1. Development status of superconducting quantum computers
At the annual meeting of the American Physical Society on March 5, 2018, Google demonstrated Bristlecone, a 72-qubit superconducting quantum chip it is testing . Google physicist Julian Kelly said that the research team hopes to use larger quantum chips for the first time to demonstrate supremacy and complete calculations that cannot be performed by traditional computers. The chip is named Bristlecone because its qubits are arranged to resemble the scales of a pine cone.
On January 10, 2019, at the CES exhibition, IBM announced the launch of the world's first commercial integrated quantum computing system: IBM Q System One. The quantum computer has the computing power of 20 qubits . Q System One is wrapped in a heat-resistant glass box two or three meters high, and its core part is hung on the top of the box, like a gorgeous chandelier.

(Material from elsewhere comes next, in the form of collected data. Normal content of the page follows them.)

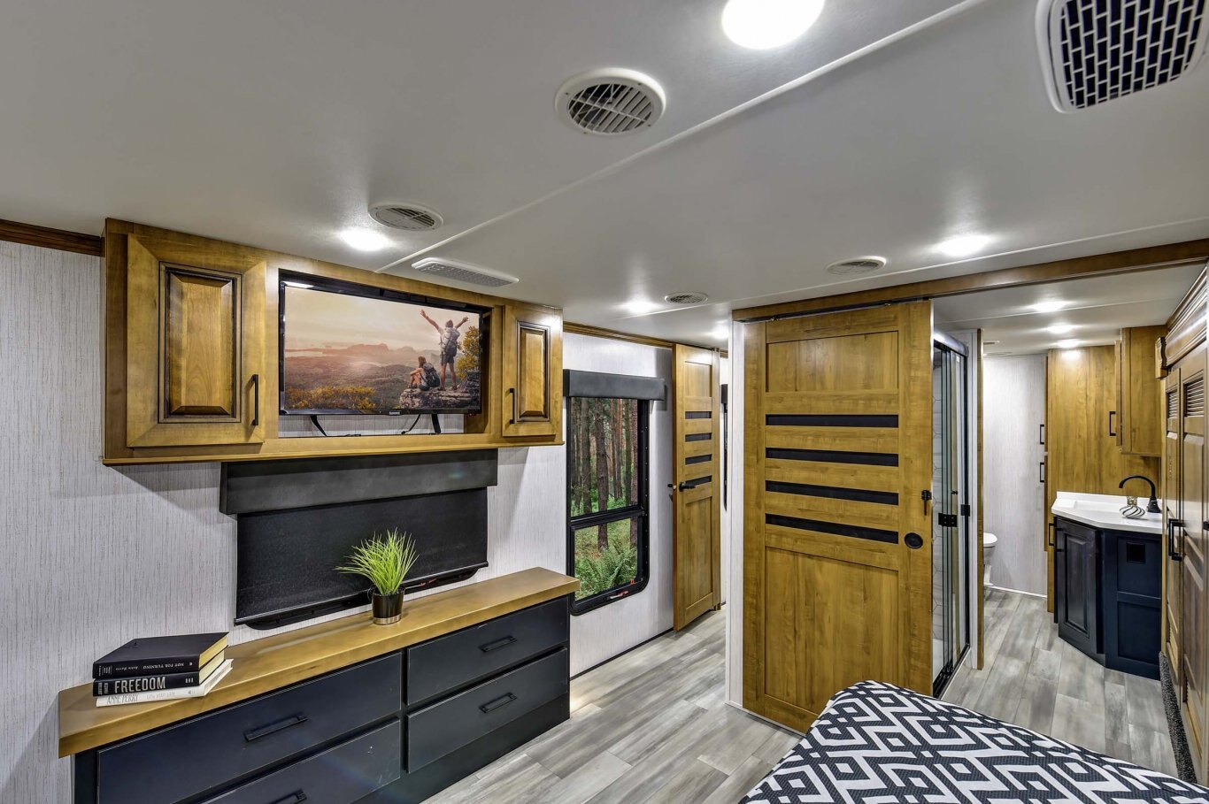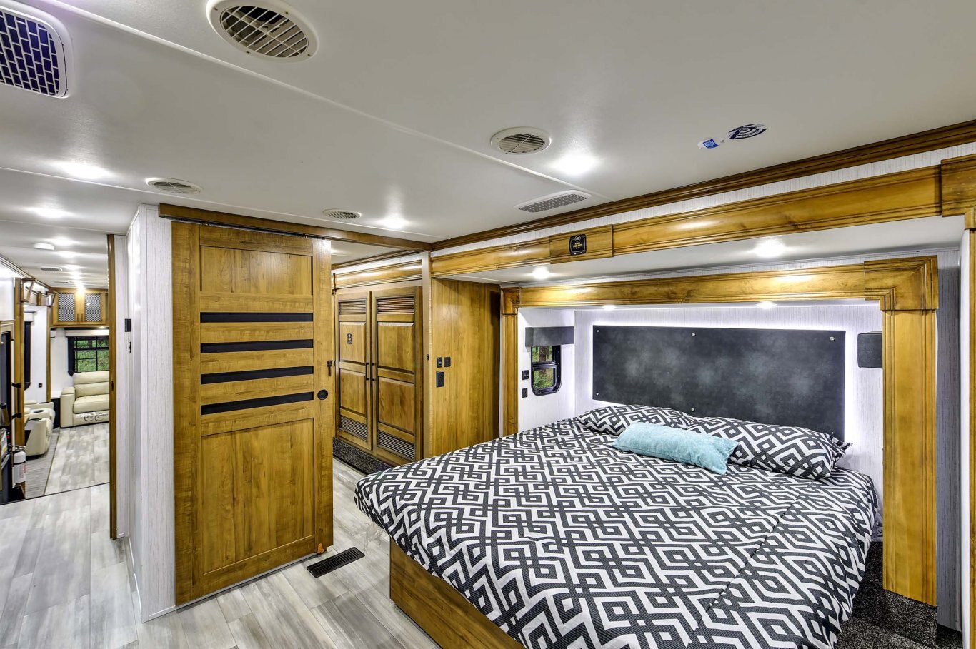 BEDROOM STANDARD FEATURES Standard king size bed Two windows in slide for better air flow 6´4˝ bedroom upper deck ceiling height Dual switched LED reading lights over bed Backlit headboard 32’’ LED bedroom television
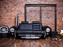 - Sofa for arranging the cottage, as a stylish element of the attic interior.
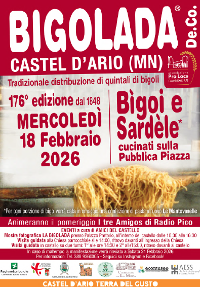 Mercoledì 18 febbraio 2026 Castel d’Ario rinnova uno degli appuntamenti gastronomici più longevi della pianura mantovana: la Bigolada De.Co., giunta alla 176ª edizione. Dalle 11 fino al pomeriggio la piazza diventa una grande cucina all’aperto dove si preparano quintali di bigoi com le sardèle, secondo una ricetta tramandata di generazione in generazione.
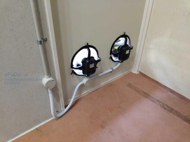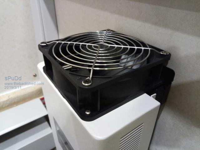 Two vent fans provide positive pressure clean cool air into the room. They use about 30watts total. I considered fitting a split system to the room, but its not worth the short term effort. I will however fit one to the V2.0 room to keep everything cool in our 46C summers. They also bring the air in low across the battery bank and force the hot air up and out. Works well enough.
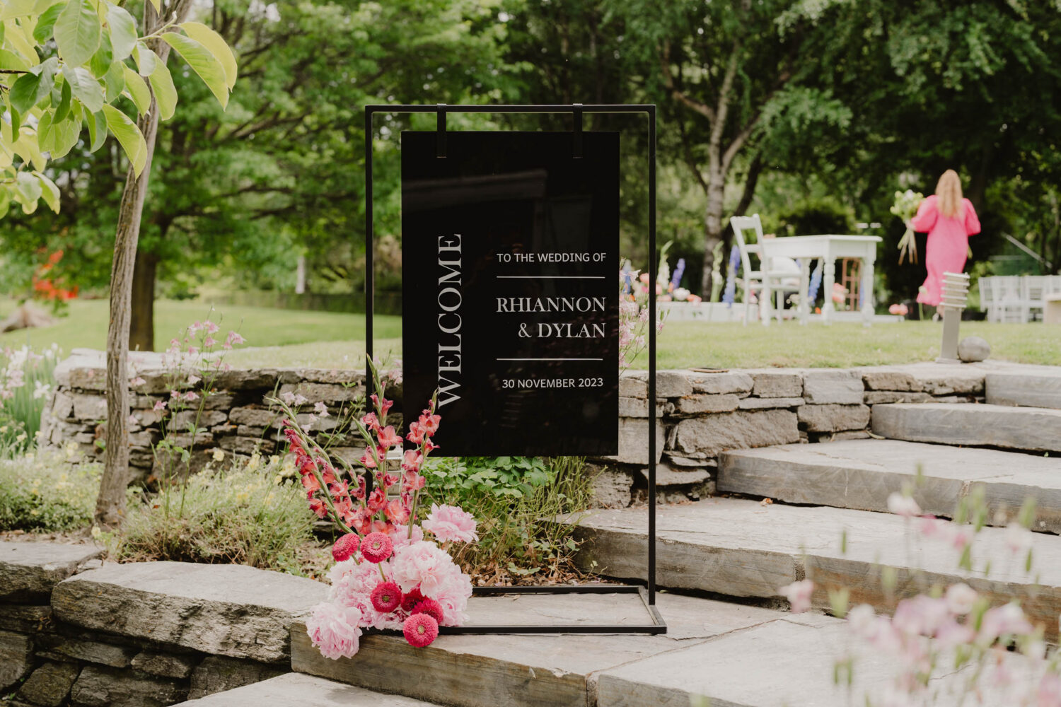 This modern and elegant sign is the perfect way to greet your guests as they arrive to your wedding. They come customised with your names and wedding date.

On October 23, 2019, Google completed the development of Sycamore, a 53-qubit superconducting quantum computer. Google claims that the computing speed of Sycamore is 1.5 trillion times that of traditional computers. For example, for an extremely complex calculation, traditional computers need to calculate 10,000 years to get the result, but Sycamore only needs 200 seconds to complete. John Martinis, the chief physicist of the research and development team, said that the speed of Sycamore has far exceeded that of any traditional supercomputer in the world.
On March 24, 2020, at the 2022 APS Annual Meeting, the global physics event, the Quantum Laboratory of Alibaba Dharma Institute announced a series of latest developments. Reaching 99.72%, the quantum laboratory of Bodhidharma Academy successfully designed and manufactured a two-bit quantum chip , achieving a single-bit control accuracy of 99.97%, and a two-bit iSWAP gate control accuracy of up to 99.72%.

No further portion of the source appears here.